■ The data
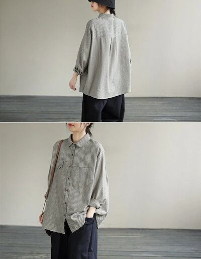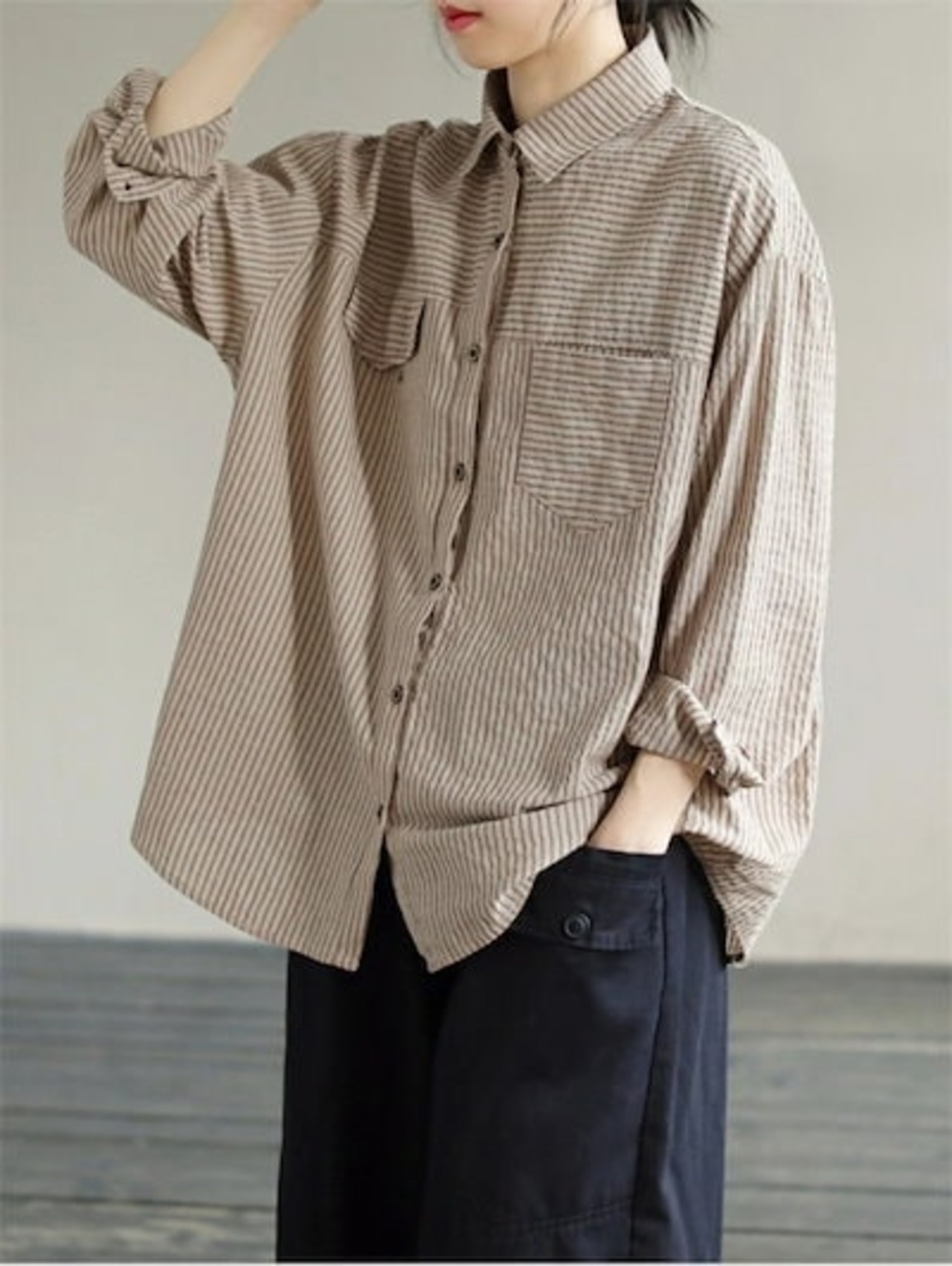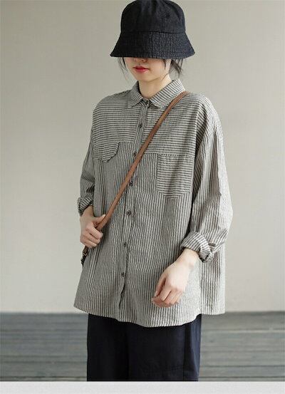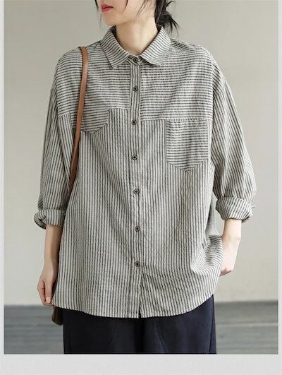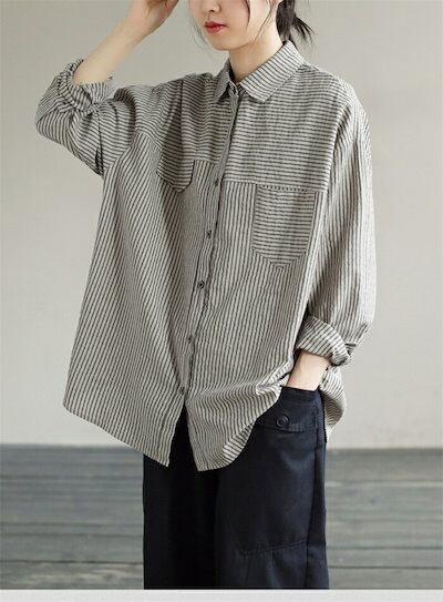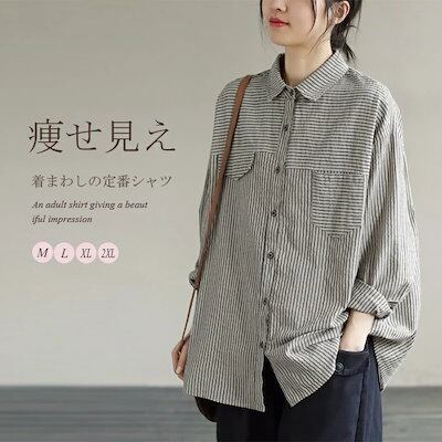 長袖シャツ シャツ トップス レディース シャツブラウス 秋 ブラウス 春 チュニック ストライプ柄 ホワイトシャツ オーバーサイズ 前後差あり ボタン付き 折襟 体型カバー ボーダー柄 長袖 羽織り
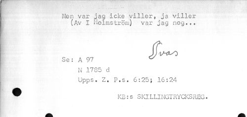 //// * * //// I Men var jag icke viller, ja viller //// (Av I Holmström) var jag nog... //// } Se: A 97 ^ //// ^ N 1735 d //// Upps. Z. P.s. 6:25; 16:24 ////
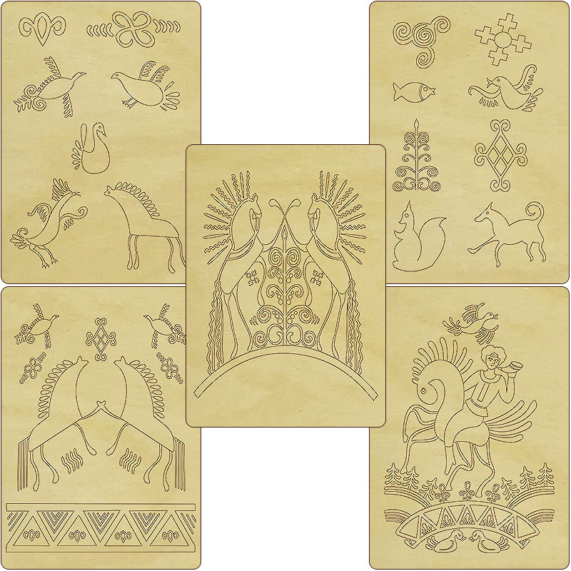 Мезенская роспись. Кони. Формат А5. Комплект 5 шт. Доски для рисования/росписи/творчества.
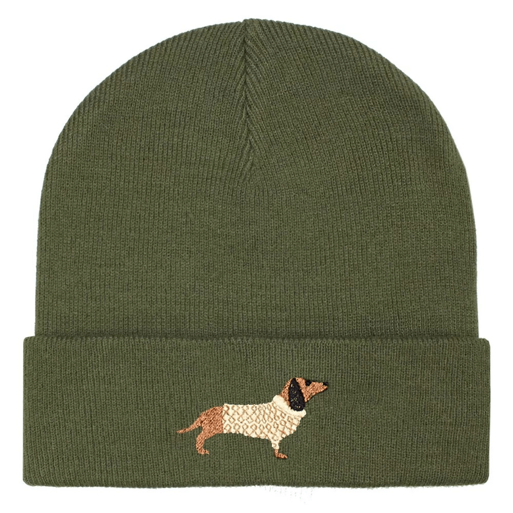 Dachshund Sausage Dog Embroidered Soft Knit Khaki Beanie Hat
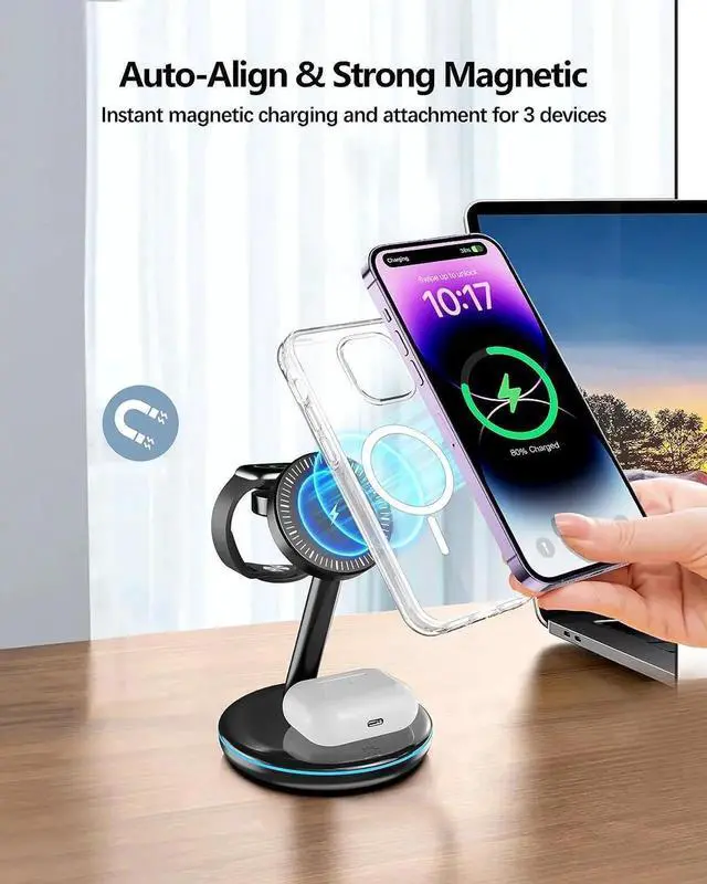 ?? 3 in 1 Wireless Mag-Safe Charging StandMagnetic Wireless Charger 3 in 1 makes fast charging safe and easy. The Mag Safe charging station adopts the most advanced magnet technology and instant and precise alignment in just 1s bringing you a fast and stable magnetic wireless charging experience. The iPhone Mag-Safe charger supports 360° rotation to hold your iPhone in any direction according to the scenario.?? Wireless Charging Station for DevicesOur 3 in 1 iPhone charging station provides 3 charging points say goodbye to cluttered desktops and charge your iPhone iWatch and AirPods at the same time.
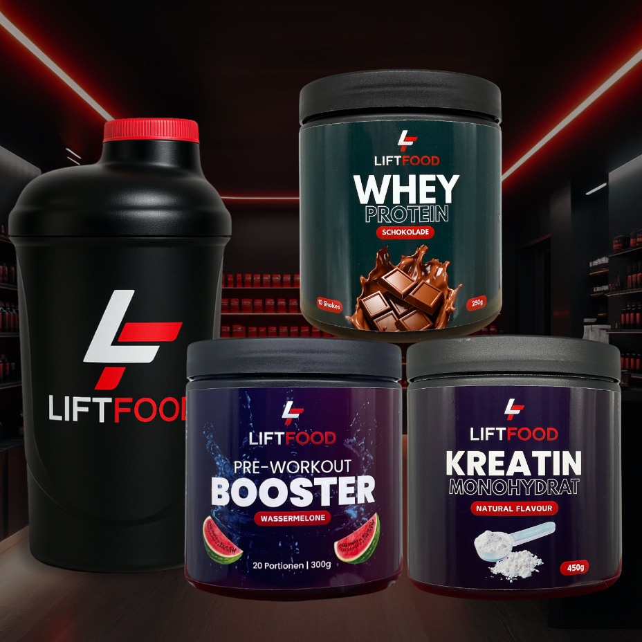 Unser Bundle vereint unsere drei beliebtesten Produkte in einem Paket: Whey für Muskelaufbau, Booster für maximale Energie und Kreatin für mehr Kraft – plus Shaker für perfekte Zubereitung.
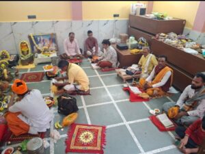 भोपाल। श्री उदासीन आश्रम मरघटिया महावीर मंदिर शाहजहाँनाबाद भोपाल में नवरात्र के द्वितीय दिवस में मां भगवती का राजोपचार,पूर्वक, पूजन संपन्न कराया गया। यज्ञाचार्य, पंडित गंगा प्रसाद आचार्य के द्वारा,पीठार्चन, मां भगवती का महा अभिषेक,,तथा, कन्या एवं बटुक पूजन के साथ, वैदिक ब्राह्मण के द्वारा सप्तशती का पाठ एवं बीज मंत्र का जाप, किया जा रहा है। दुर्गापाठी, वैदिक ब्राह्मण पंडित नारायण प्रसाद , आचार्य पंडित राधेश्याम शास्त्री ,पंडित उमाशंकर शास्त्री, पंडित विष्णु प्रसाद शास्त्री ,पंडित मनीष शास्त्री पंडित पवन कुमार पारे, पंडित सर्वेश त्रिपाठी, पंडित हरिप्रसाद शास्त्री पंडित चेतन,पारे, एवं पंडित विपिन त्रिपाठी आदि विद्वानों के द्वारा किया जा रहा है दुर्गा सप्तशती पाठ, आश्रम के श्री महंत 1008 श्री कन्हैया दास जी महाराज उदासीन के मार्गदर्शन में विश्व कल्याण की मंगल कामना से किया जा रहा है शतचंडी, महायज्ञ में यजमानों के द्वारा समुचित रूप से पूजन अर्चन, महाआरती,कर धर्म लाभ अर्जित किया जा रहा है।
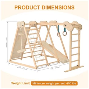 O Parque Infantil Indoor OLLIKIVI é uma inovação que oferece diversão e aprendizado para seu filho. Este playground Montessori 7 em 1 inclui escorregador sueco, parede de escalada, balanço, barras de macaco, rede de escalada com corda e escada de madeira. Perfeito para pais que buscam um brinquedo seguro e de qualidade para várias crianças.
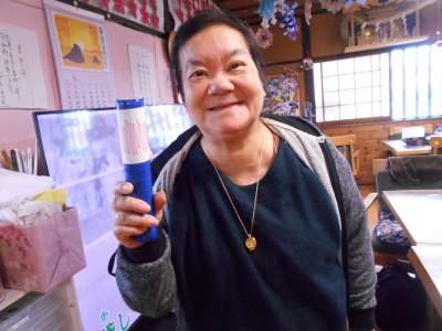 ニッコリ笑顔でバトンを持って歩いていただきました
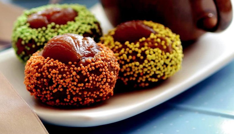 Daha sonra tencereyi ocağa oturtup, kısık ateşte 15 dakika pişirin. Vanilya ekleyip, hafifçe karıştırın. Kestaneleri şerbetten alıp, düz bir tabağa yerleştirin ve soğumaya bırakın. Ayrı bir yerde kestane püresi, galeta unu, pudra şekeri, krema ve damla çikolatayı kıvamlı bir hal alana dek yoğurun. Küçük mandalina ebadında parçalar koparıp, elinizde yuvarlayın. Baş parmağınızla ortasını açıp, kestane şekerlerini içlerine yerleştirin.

■ Exercise
The response should repeat each record precisely and contain no pictures.

■ The answer
 長袖シャツ シャツ トップス レディース シャツブラウス 秋 ブラウス 春 チュニック ストライプ柄 ホワイトシャツ オーバーサイズ 前後差あり ボタン付き 折襟 体型カバー ボーダー柄 長袖 羽織り
 //// * * //// I Men var jag icke viller, ja viller //// (Av I Holmström) var jag nog... //// } Se: A 97 ^ //// ^ N 1735 d //// Upps. Z. P.s. 6:25; 16:24 ////
 Мезенская роспись. Кони. Формат А5. Комплект 5 шт. Доски для рисования/росписи/творчества.
 Dachshund Sausage Dog Embroidered Soft Knit Khaki Beanie Hat
 ?? 3 in 1 Wireless Mag-Safe Charging StandMagnetic Wireless Charger 3 in 1 makes fast charging safe and easy. The Mag Safe charging station adopts the most advanced magnet technology and instant and precise alignment in just 1s bringing you a fast and stable magnetic wireless charging experience. The iPhone Mag-Safe charger supports 360° rotation to hold your iPhone in any direction according to the scenario.?? Wireless Charging Station for DevicesOur 3 in 1 iPhone charging station provides 3 charging points say goodbye to cluttered desktops and charge your iPhone iWatch and AirPods at the same time.
 Unser Bundle vereint unsere drei beliebtesten Produkte in einem Paket: Whey für Muskelaufbau, Booster für maximale Energie und Kreatin für mehr Kraft – plus Shaker für perfekte Zubereitung.
 भोपाल। श्री उदासीन आश्रम मरघटिया महावीर मंदिर शाहजहाँनाबाद भोपाल में नवरात्र के द्वितीय दिवस में मां भगवती का राजोपचार,पूर्वक, पूजन संपन्न कराया गया। यज्ञाचार्य, पंडित गंगा प्रसाद आचार्य के द्वारा,पीठार्चन, मां भगवती का महा अभिषेक,,तथा, कन्या एवं बटुक पूजन के साथ, वैदिक ब्राह्मण के द्वारा सप्तशती का पाठ एवं बीज मंत्र का जाप, किया जा रहा है। दुर्गापाठी, वैदिक ब्राह्मण पंडित नारायण प्रसाद , आचार्य पंडित राधेश्याम शास्त्री ,पंडित उमाशंकर शास्त्री, पंडित विष्णु प्रसाद शास्त्री ,पंडित मनीष शास्त्री पंडित पवन कुमार पारे, पंडित सर्वेश त्रिपाठी, पंडित हरिप्रसाद शास्त्री पंडित चेतन,पारे, एवं पंडित विपिन त्रिपाठी आदि विद्वानों के द्वारा किया जा रहा है दुर्गा सप्तशती पाठ, आश्रम के श्री महंत 1008 श्री कन्हैया दास जी महाराज उदासीन के मार्गदर्शन में विश्व कल्याण की मंगल कामना से किया जा रहा है शतचंडी, महायज्ञ में यजमानों के द्वारा समुचित रूप से पूजन अर्चन, महाआरती,कर धर्म लाभ अर्जित किया जा रहा है।
 O Parque Infantil Indoor OLLIKIVI é uma inovação que oferece diversão e aprendizado para seu filho. Este playground Montessori 7 em 1 inclui escorregador sueco, parede de escalada, balanço, barras de macaco, rede de escalada com corda e escada de madeira. Perfeito para pais que buscam um brinquedo seguro e de qualidade para várias crianças.
 ニッコリ笑顔でバトンを持って歩いていただきました
 Daha sonra tencereyi ocağa oturtup, kısık ateşte 15 dakika pişirin. Vanilya ekleyip, hafifçe karıştırın. Kestaneleri şerbetten alıp, düz bir tabağa yerleştirin ve soğumaya bırakın. Ayrı bir yerde kestane püresi, galeta unu, pudra şekeri, krema ve damla çikolatayı kıvamlı bir hal alana dek yoğurun. Küçük mandalina ebadında parçalar koparıp, elinizde yuvarlayın. Baş parmağınızla ortasını açıp, kestane şekerlerini içlerine yerleştirin.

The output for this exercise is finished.